[PROBLEM TO SOLVE] From the line containing "en flats op" down to the final line of the entries below, quote every line verbatim. Exclude pictures.

BEGIN

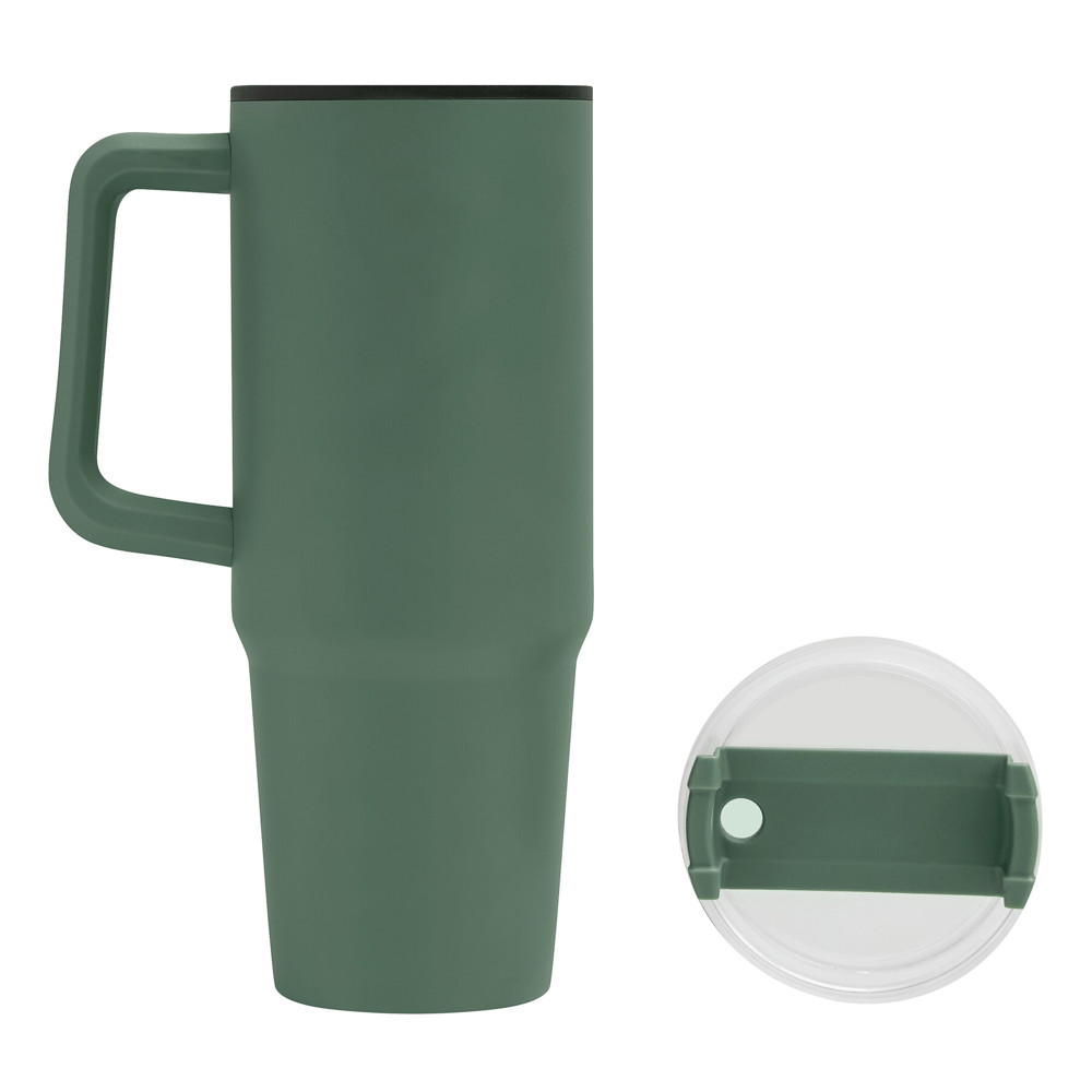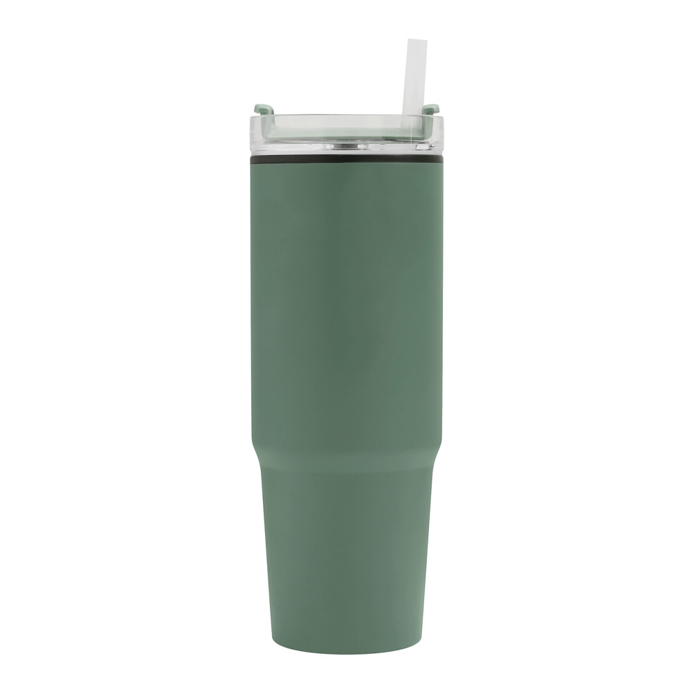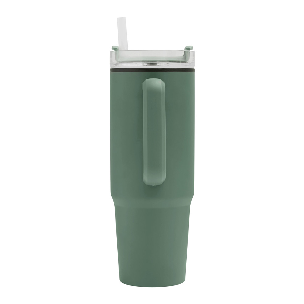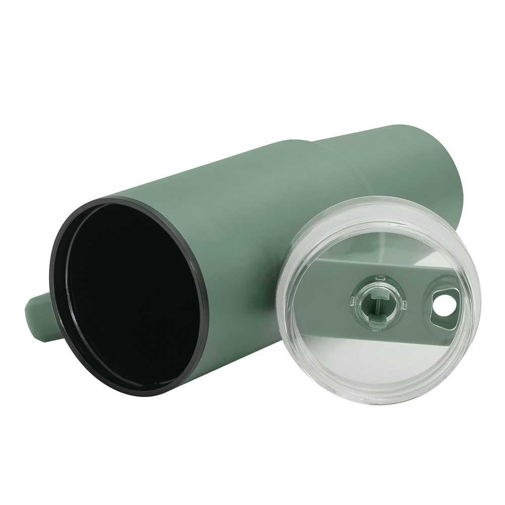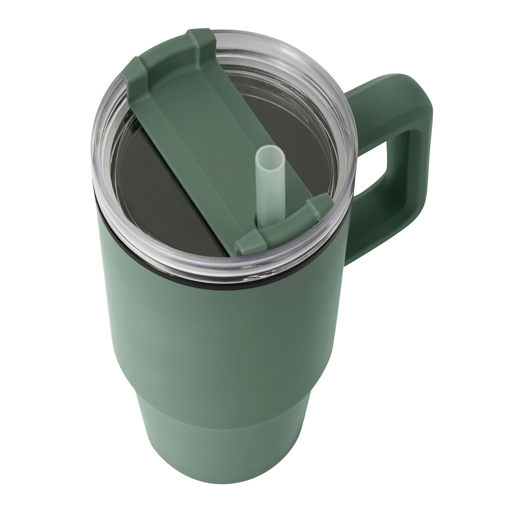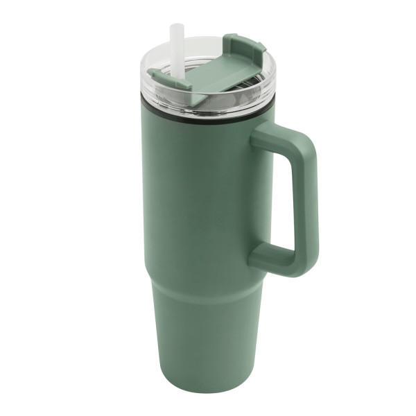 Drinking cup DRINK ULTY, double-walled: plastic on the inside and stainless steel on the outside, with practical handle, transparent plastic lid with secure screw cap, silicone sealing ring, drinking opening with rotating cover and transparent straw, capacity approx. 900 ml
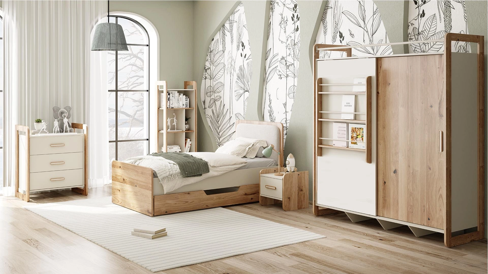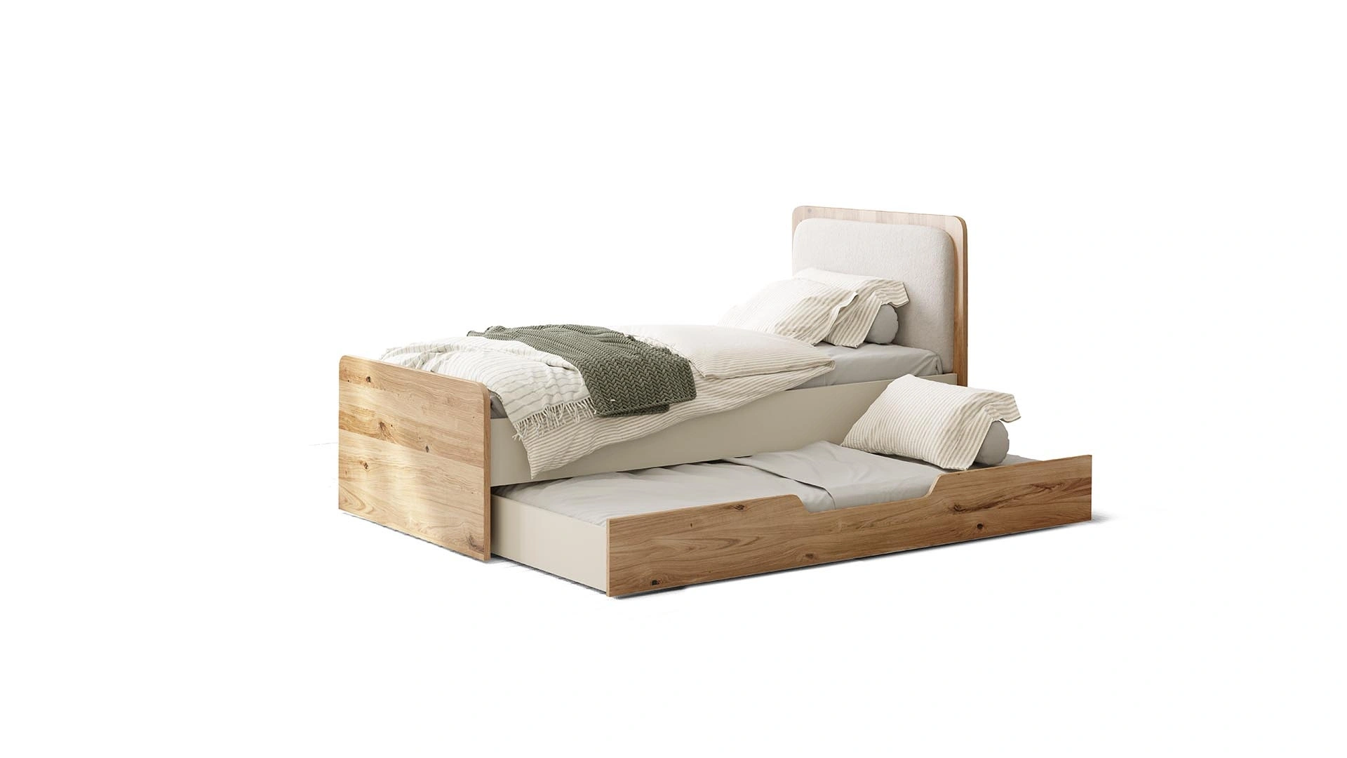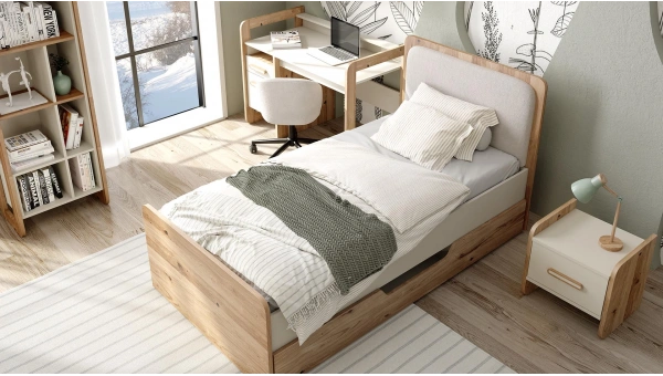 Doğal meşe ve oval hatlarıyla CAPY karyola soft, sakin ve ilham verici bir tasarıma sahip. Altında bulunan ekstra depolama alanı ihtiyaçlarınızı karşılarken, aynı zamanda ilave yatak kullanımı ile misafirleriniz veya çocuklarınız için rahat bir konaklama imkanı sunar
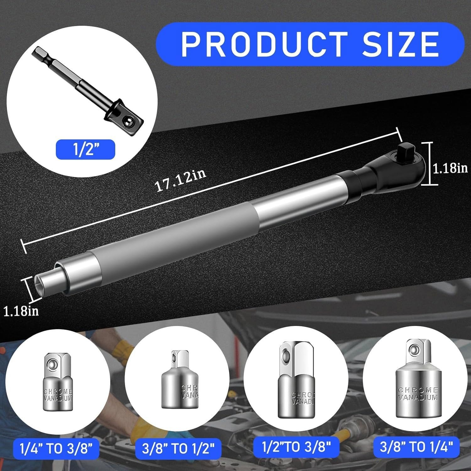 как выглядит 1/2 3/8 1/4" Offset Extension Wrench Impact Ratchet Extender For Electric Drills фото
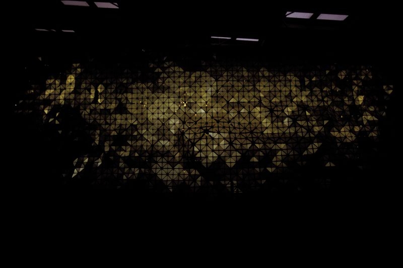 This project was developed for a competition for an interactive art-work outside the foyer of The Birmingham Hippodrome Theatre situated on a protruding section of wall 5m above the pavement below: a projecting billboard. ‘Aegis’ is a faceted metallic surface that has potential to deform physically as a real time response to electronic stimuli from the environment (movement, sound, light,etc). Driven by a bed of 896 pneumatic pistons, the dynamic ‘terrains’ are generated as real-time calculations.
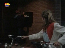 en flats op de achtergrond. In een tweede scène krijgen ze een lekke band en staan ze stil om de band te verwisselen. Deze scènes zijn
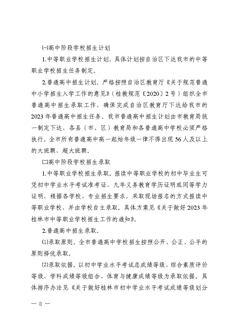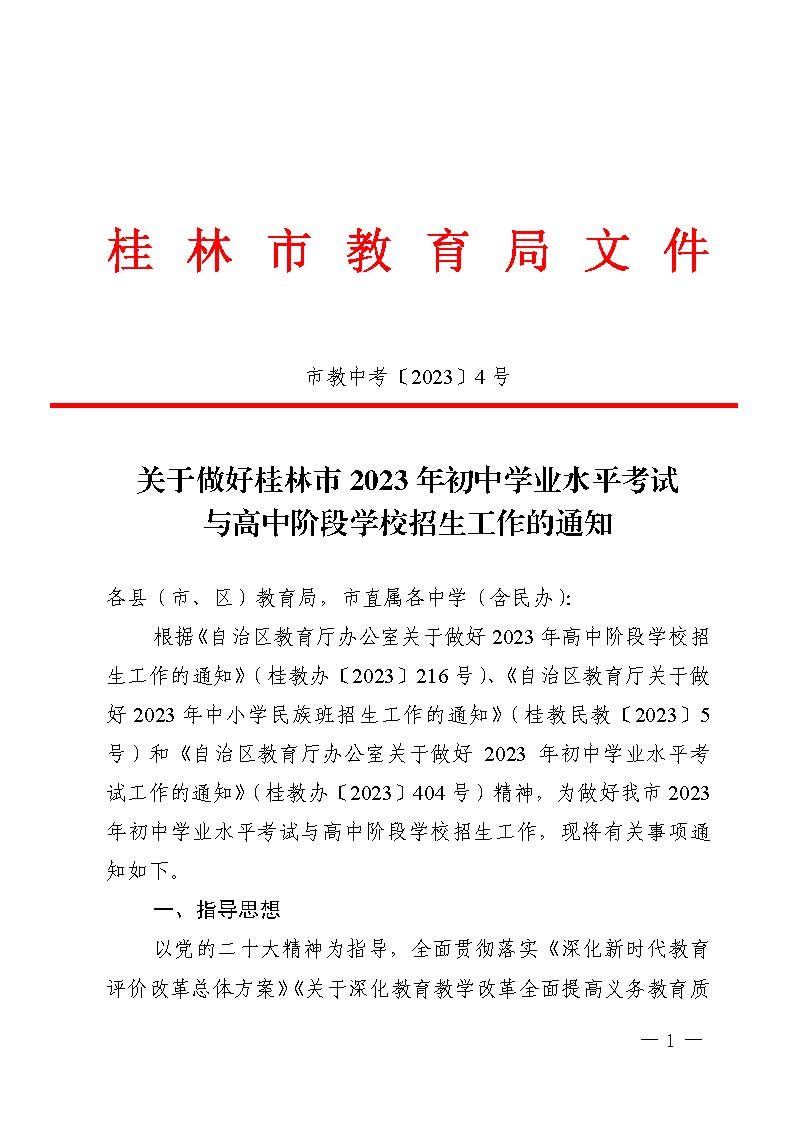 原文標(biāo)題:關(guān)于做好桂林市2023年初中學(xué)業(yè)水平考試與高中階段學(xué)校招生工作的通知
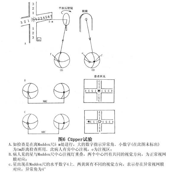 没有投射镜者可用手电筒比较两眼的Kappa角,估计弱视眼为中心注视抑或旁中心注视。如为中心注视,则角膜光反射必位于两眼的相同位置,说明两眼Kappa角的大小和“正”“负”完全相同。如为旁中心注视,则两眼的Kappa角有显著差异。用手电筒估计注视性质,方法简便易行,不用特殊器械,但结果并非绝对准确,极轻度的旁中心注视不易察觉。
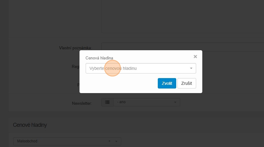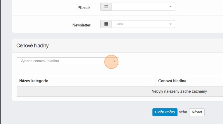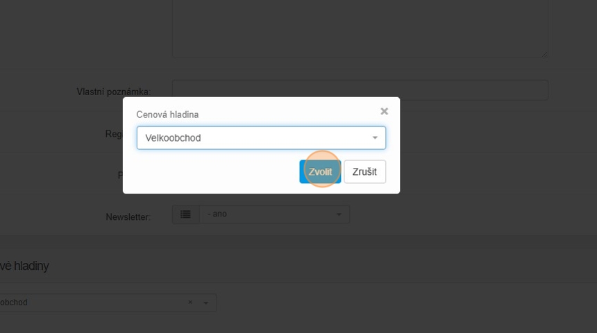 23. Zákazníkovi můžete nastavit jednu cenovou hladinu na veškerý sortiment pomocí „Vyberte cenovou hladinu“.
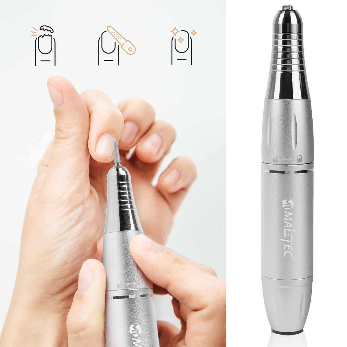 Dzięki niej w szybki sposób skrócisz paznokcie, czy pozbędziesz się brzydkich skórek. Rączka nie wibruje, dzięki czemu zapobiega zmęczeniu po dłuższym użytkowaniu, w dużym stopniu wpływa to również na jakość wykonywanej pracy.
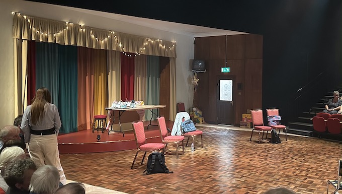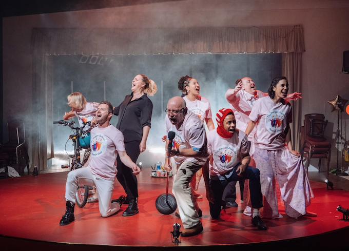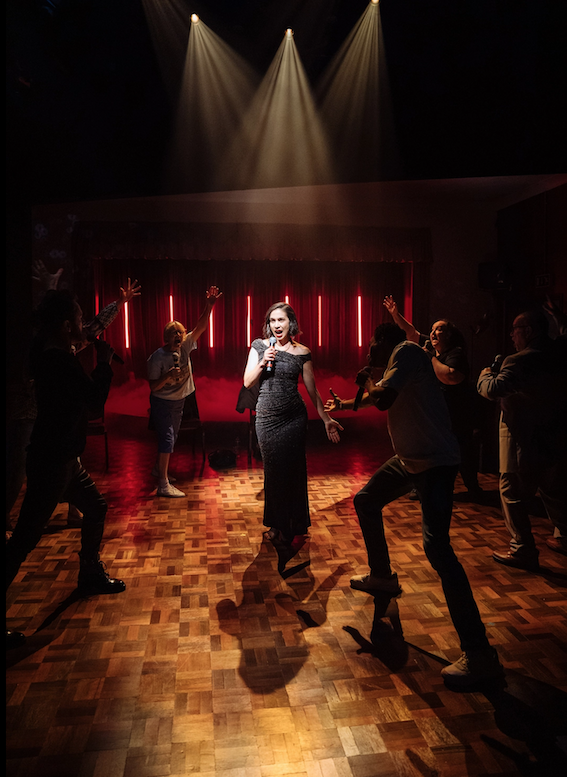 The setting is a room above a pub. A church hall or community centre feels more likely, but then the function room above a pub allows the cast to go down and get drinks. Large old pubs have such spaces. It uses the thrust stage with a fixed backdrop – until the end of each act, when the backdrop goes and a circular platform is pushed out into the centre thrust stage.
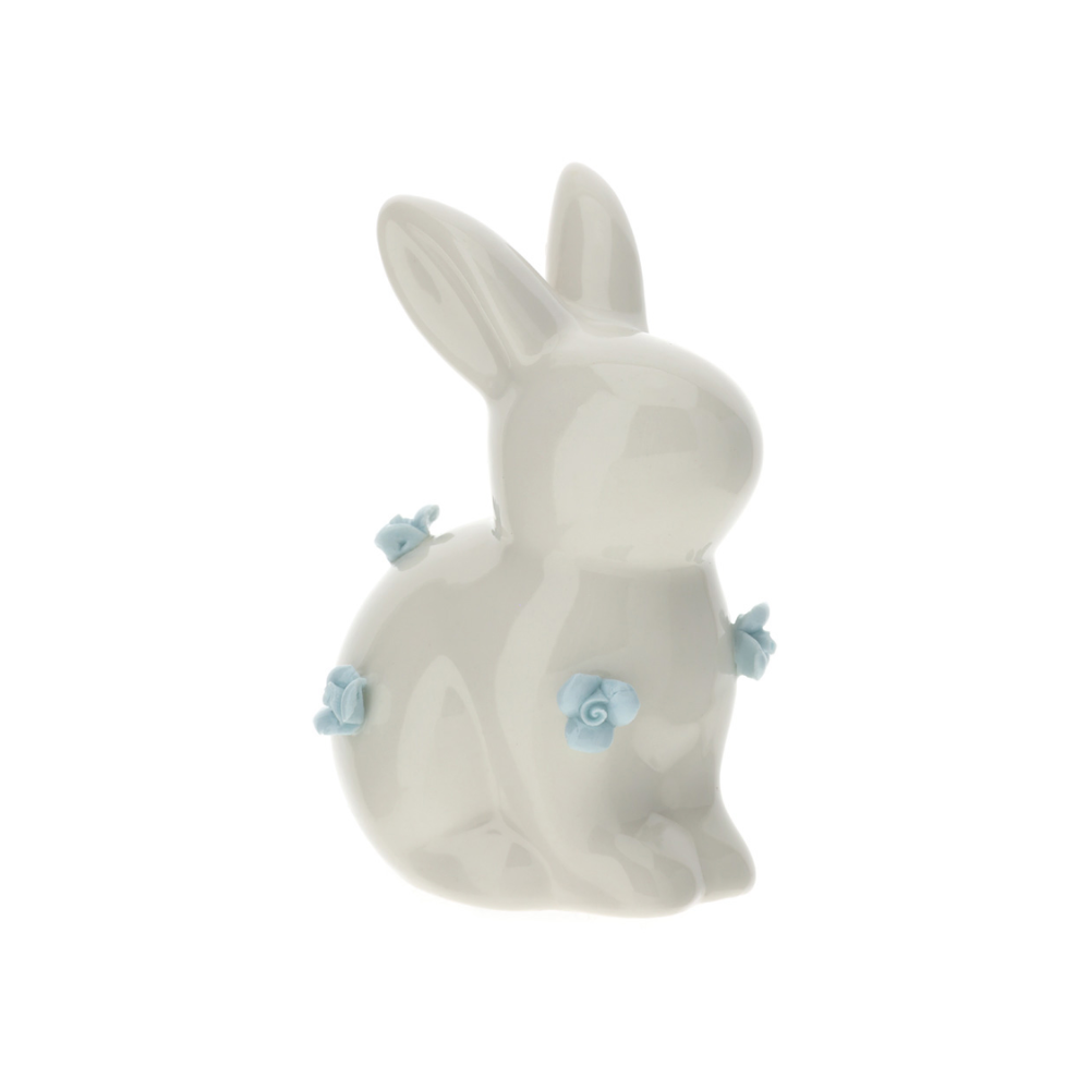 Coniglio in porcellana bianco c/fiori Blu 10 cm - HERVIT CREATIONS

END

[THE ANSWER]
 en flats op de achtergrond. In een tweede scène krijgen ze een lekke band en staan ze stil om de band te verwisselen. Deze scènes zijn
 原文標(biāo)題:關(guān)于做好桂林市2023年初中學(xué)業(yè)水平考試與高中階段學(xué)校招生工作的通知
 没有投射镜者可用手电筒比较两眼的Kappa角,估计弱视眼为中心注视抑或旁中心注视。如为中心注视,则角膜光反射必位于两眼的相同位置,说明两眼Kappa角的大小和“正”“负”完全相同。如为旁中心注视,则两眼的Kappa角有显著差异。用手电筒估计注视性质,方法简便易行,不用特殊器械,但结果并非绝对准确,极轻度的旁中心注视不易察觉。
 23. Zákazníkovi můžete nastavit jednu cenovou hladinu na veškerý sortiment pomocí „Vyberte cenovou hladinu“.
 Dzięki niej w szybki sposób skrócisz paznokcie, czy pozbędziesz się brzydkich skórek. Rączka nie wibruje, dzięki czemu zapobiega zmęczeniu po dłuższym użytkowaniu, w dużym stopniu wpływa to również na jakość wykonywanej pracy.
 The setting is a room above a pub. A church hall or community centre feels more likely, but then the function room above a pub allows the cast to go down and get drinks. Large old pubs have such spaces. It uses the thrust stage with a fixed backdrop – until the end of each act, when the backdrop goes and a circular platform is pushed out into the centre thrust stage.
 Coniglio in porcellana bianco c/fiori Blu 10 cm - HERVIT CREATIONS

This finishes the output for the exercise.